“SolrCloud is designed to provide a highly available, fault tolerant environment for distributing your indexed content and query requests across multiple servers. It’s a system in which data is organized into multiple pieces, or shards, that can be hosted on multiple machines, with replicas providing redundancy for both scalability and fault tolerance, and a ZooKeeper server that helps manage the overall structure so that both indexing and search requests can be routed properly.” – Solr Wiki
I am following the tutorial “Getting Started with Solr Cloud” and felt it will be beneficial to add a few images with some comments to help the ones like me who feels like “driving”.
When you first started the two nodes Solr Cloud, you can see a topology graph of the Cloud by visiting the web admin. In the graph below, starting from the root – “gettingstarted”, one can easily see that collection got split into two shards, shard1 and shard2. And each shard, instead of split, got replicated twice and each replication is sitting on a different node. And out of the two replications/nodes/servers, one out of two has been marked as Leader while the other one is active. In this case, it happens to be the Leaders of both shards happen to be on the same machine 7574.
Since we are simulating a Solr Cloud using once machine, behind the scene it is actually running two separate JVMs.
You can even extract more information from the process like port number, jvm memory size, time out time and even zoo keeper information.
The following screenshot is the output of the command “bin/solr healthcheck” where gives you a quick summary of what is going on about the cluster at a high level.

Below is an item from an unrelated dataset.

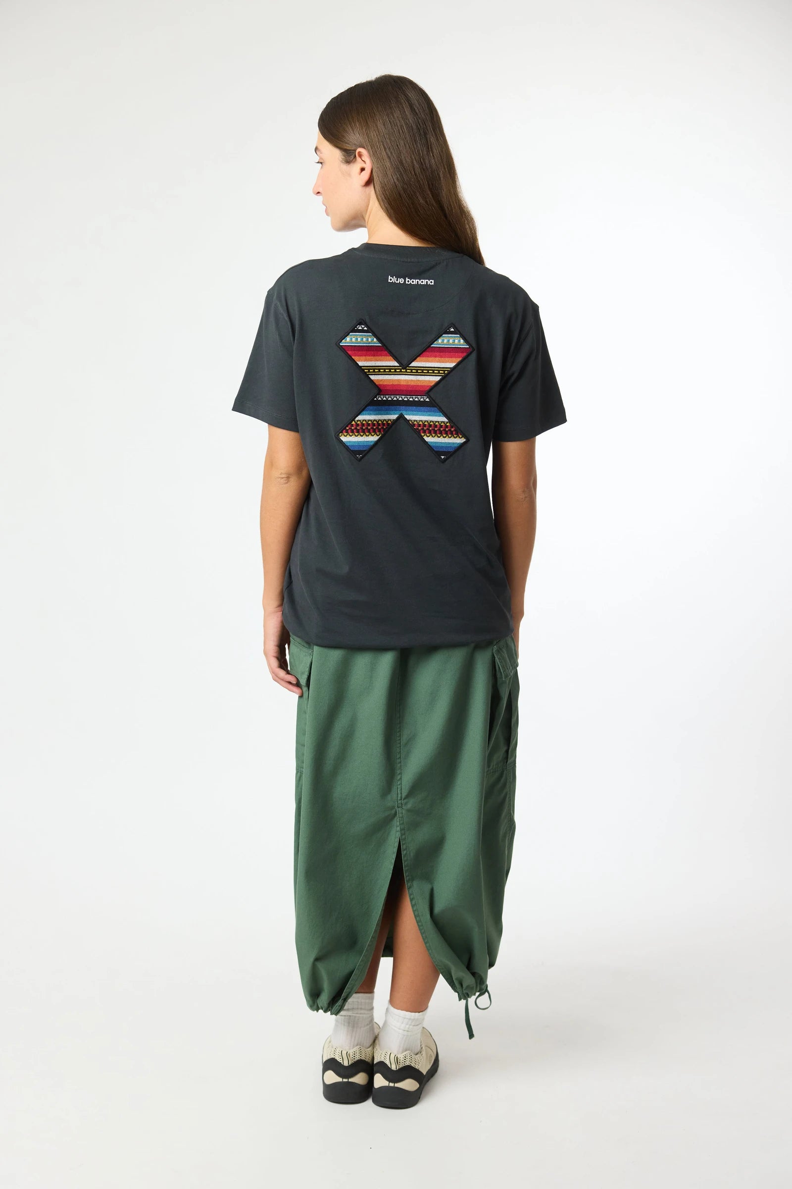 T-Shirt mit unserem klassischen X: vorne auf der Brust und hinten auf dem Rücken gestickt. Hergestellt aus 100% Bio-Baumwolle und Cropped-Schnitt.

The next step is to index a few documents and see how it looks like in the SolrCloud.
$ bin/post -c gettingstarted docs/ /Library/Java/JavaVirtualMachines/jdk1.8.0_66.jdk/Contents/Home//bin/java -classpath <solrpath>/dist/solr-core-5.4.1.jar -Dauto=yes -Dc=gettingstarted -Ddata=files -Drecursive=yes org.apache.solr.util.SimplePostTool docs/ SimplePostTool version 5.0.0 Posting files to [base] url http://localhost:8983/solr/gettingstarted/update... Entering auto mode. File endings considered are xml,json,csv,pdf,doc,docx,ppt,pptx,xls,xlsx,odt,odp,ods,ott,otp,ots,rtf,htm,html,txt,log Entering recursive mode, max depth=999, delay=0s Indexing directory docs (3 files, depth=0) POSTing file index.html (text/html) to [base]/extract ... POSTing file VelocityResponseWriter.html (text/html) to [base]/extract Indexing directory docs/solr-velocity/resources (0 files, depth=2) 3853 files indexed. COMMITting Solr index changes to http://localhost:8983/solr/gettingstarted/update... Time spent: 0:00:44.416
Using the bin/post SimplePostTool, I easily indexed 3853 documents. And now lets see how it looks like SolrCloud.
This is really interesting, what is really going on here after I ran the post command:
- When the SimplePostTool was issued, we really did not specify how to split the documents and which shard it need to go. And the only thing you need to specify is the collection name. Cloudera really hide the complexities from the end users.
- After all the 3853 documents got properly indexed, I went to the Leader of each shard and from the overview window, you can see how the documents got split into each shard, Shard1: 1918, Shard2: 1935 and they add up to (1918+1935) = 3853.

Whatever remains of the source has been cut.